Hey boomer: Considering buying a home in a retirement community?
Now, before you turn your nose up at the topic, we aren’t talking about senior living communities – those group homes for baby boomers and their elders where they take a little bus to Walmart once a week and someone else does all the cooking.
We’re talking about retirement communities – for boomers who are active and independent and want to downsize yet still be around people their age. They’re sometimes called “55+ communities.”
Yes, it’s the one case that a community can legally discriminate by saying “no youngsters allowed.” At least to live there.
Recent studies show that many boomers prefer to retire to urban centers, where they can be around a diverse age group, walk where they need to go and take advantage of the cultural and dining experiences that downtowns have to offer.
But, there’s still a big chunk of retirees who choose retirement communities so they can hang out with folks who share a common historic and cultural perspective. People closer in age.
Whether it’s a resort retirement community, a golf course community or a typical neighborhood-type community designated for “seniors,” there’s a lot to consider when buying a home in which to spend the rest of your life.
Will you relocate?
Spending an occasional holiday in a certain region and settling in for year-round living are two entirely different things. Even in the balmiest cities, there are changes in the weather and climate that you may not be familiar with.
For example, have you ever heard of Boise, Idaho’s inversion layer? It’s an atmospheric condition that traps polluted air in the valley, making it unhealthy to breathe for some residents.
The layer also traps moisture, creating “dense fog and gray, sunless days that we can get in the winter,” according to the Argus Observer online.
Even in what seems to be the “endless summer” of Hawaii, “vog” can hang in the air on the Big Island during volcanic eruptions. Oh, and the dust – covering windshields and even your indoor furniture.

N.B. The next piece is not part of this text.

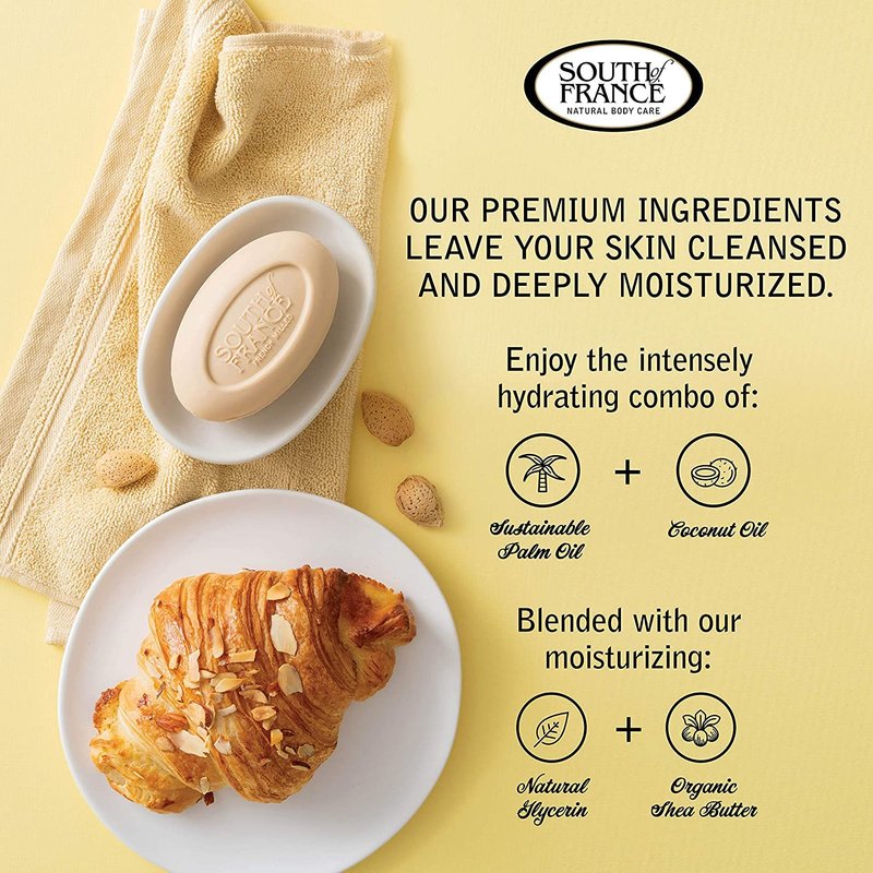 - FRAGRANCE TO LIVE BY: Our Sweet Almond Bar Soap is infused with sweet almond, nutmeg and warm vanilla that makes you imagine stepping inside a café for a vanilla latte and warm almond croissant on a cool autumn morning.

While these are seasonal or event-dependent considerations, they are considerations, nonetheless. Learn all you can about the climate, weather and other events that may impact you, especially if you have an ongoing respiratory illness.
Then, spend some time in your choice of retirement cities during the off-season. For instance, spend an August in Florida to ensure you can tolerate the humidity, visit Arizona in early spring if you’re an allergy sufferer.
Oh, and if super-hot weather doesn’t agree with you and you have your heart set on retiring in Henderson, Nevada, visit during July when the average temperature is 105 degrees.
Who else lives there?
If you’re toying with the idea of buying a home in a “resort-style” retirement community, you’ll be spending more time with your neighbors than you would if you chose a standard 55+ neighborhood.
Tour the area during the times when the social activities you’re interested in participating in take place. Strike up conversations and study the group. See if these are people with whom you have a lot in common and with whom you’d like to spend more time.
While many of the homes in these types of retirement communities are of the condo variety, those that offer single-family homes frequently come without fences between neighbors.
In a standard neighborhood type arrangement, drive or walk through the neighborhood at different times of day and do stop and chat with any residents who are outside.
Do you need nearby medical facilities?
Sure, this seems to be a no-brainer when choosing where to retire, but you’d be surprised how many people fall in love with a community that isn’t convenient to needed medical care.
The financial considerations
If there’s one thing that can greatly impact your income during retirement it’s taxes. To estimate your monthly obligations, including your new mortgage payment, requires careful consideration of taxes.
Seven states currently have no state income taxes:
- South Dakota
Add Tennessee to the list, starting in 2021. While New Hampshire doesn’t “tax an individual’s earned income (W-2 wages),” it does impose a 5% tax on income from interest and dividends, according to BankRate.com.
But lack of a state income tax shouldn’t be your only consideration when thinking about paying as little tax during retirement as possible.
Buying even the least expensive home in a retirement community may not be worth it if that community is located in a state that taxes Social Security benefits, pensions and retirement plan distributions.
Since you’re buying a home, first look into property taxes. These can add greatly to your monthly mortgage payment.
Kiplinger.com offers a list of 10 Most Tax-Friendly States for Retirees and USAToday.com compares Average Property Taxes for all 50 States and D.C.